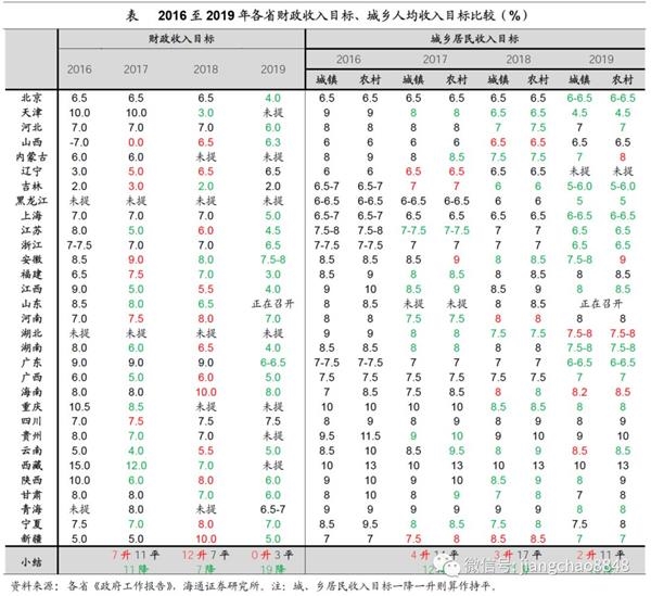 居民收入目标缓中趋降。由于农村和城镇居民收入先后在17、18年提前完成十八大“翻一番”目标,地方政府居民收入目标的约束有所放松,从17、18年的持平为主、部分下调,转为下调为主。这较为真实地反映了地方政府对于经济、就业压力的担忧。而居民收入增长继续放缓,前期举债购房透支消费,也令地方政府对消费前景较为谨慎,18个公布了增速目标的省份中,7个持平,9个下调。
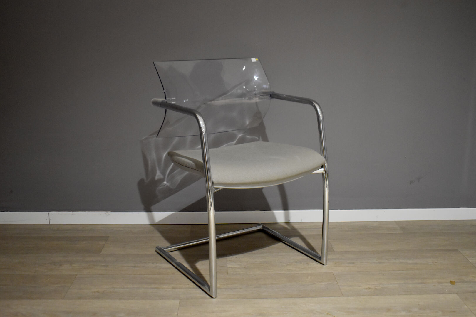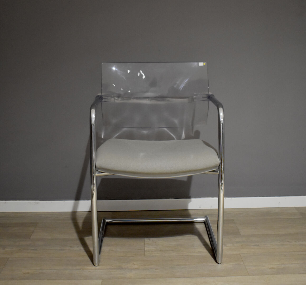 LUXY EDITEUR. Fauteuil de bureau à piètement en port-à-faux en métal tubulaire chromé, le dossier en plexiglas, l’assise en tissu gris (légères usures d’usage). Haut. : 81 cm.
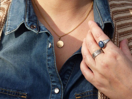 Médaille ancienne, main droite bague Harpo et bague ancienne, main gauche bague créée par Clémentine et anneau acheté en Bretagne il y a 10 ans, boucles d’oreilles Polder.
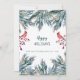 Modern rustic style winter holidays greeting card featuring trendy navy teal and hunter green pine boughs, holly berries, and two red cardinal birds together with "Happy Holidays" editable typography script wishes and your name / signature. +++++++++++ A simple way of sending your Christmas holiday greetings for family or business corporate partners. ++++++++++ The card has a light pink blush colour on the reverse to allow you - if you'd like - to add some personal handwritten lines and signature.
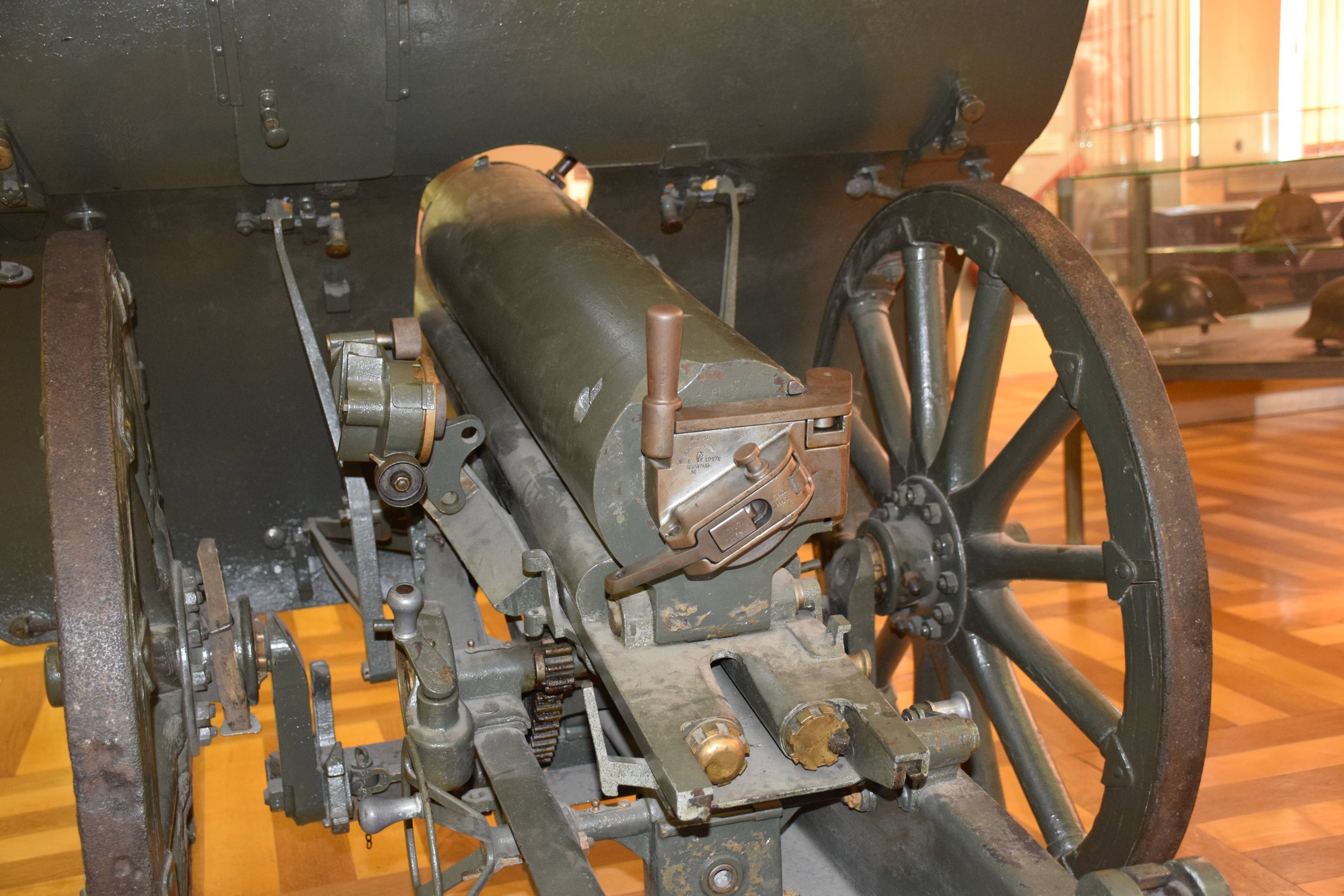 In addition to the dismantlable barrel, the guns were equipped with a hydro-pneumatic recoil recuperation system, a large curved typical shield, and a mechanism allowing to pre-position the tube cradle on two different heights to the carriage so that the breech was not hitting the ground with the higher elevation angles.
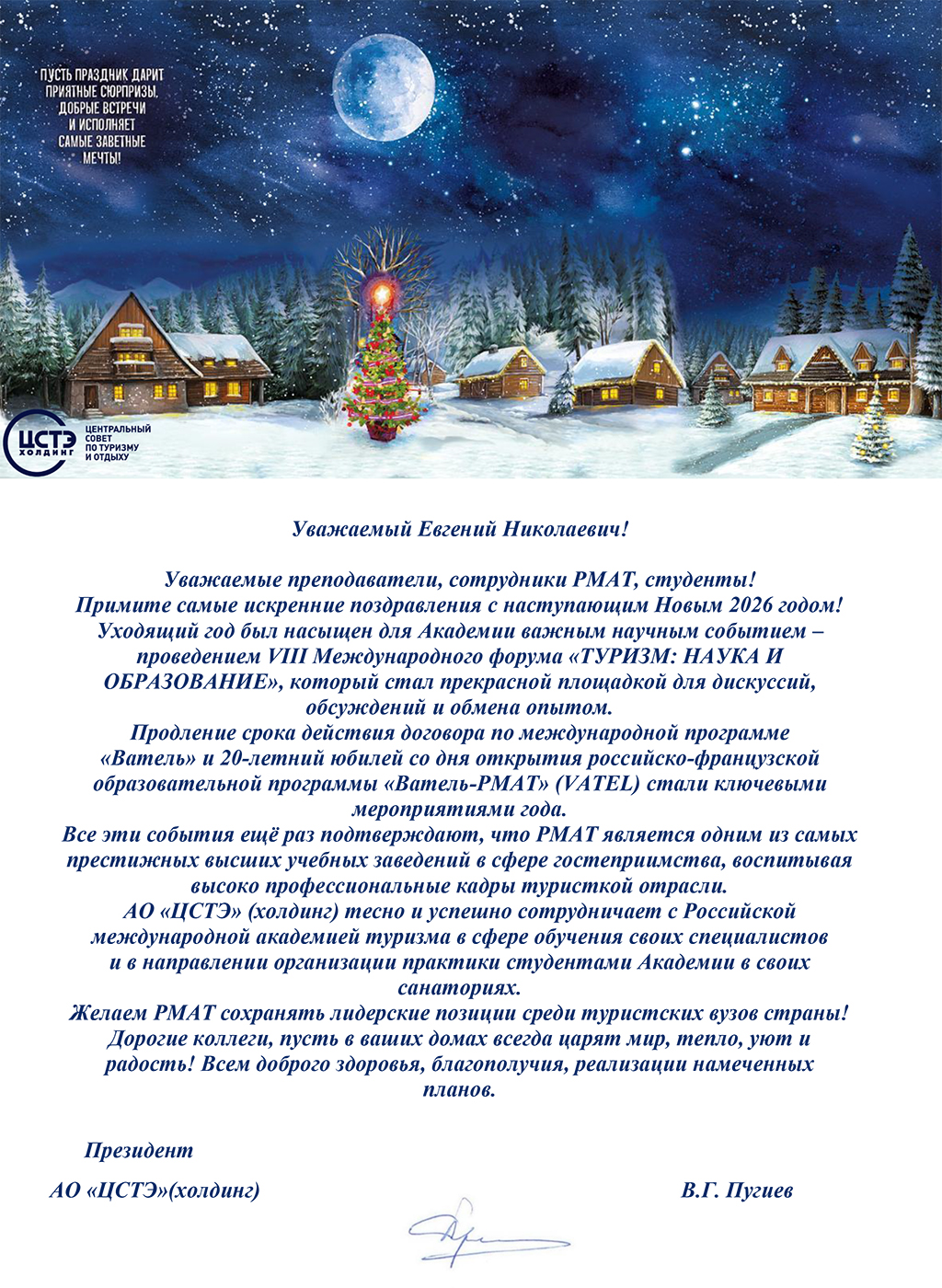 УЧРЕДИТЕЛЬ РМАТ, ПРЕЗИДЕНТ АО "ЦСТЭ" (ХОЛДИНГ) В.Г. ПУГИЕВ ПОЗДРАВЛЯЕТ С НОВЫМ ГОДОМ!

### EXERCISE REQUIREMENTS:
Give back the full listing exactly, with pictures dropped.

### YOUR RESPONSE:
 居民收入目标缓中趋降。由于农村和城镇居民收入先后在17、18年提前完成十八大“翻一番”目标,地方政府居民收入目标的约束有所放松,从17、18年的持平为主、部分下调,转为下调为主。这较为真实地反映了地方政府对于经济、就业压力的担忧。而居民收入增长继续放缓,前期举债购房透支消费,也令地方政府对消费前景较为谨慎,18个公布了增速目标的省份中,7个持平,9个下调。
 LUXY EDITEUR. Fauteuil de bureau à piètement en port-à-faux en métal tubulaire chromé, le dossier en plexiglas, l’assise en tissu gris (légères usures d’usage). Haut. : 81 cm.
 Médaille ancienne, main droite bague Harpo et bague ancienne, main gauche bague créée par Clémentine et anneau acheté en Bretagne il y a 10 ans, boucles d’oreilles Polder.
 Modern rustic style winter holidays greeting card featuring trendy navy teal and hunter green pine boughs, holly berries, and two red cardinal birds together with "Happy Holidays" editable typography script wishes and your name / signature. +++++++++++ A simple way of sending your Christmas holiday greetings for family or business corporate partners. ++++++++++ The card has a light pink blush colour on the reverse to allow you - if you'd like - to add some personal handwritten lines and signature.
 In addition to the dismantlable barrel, the guns were equipped with a hydro-pneumatic recoil recuperation system, a large curved typical shield, and a mechanism allowing to pre-position the tube cradle on two different heights to the carriage so that the breech was not hitting the ground with the higher elevation angles.
 УЧРЕДИТЕЛЬ РМАТ, ПРЕЗИДЕНТ АО "ЦСТЭ" (ХОЛДИНГ) В.Г. ПУГИЕВ ПОЗДРАВЛЯЕТ С НОВЫМ ГОДОМ!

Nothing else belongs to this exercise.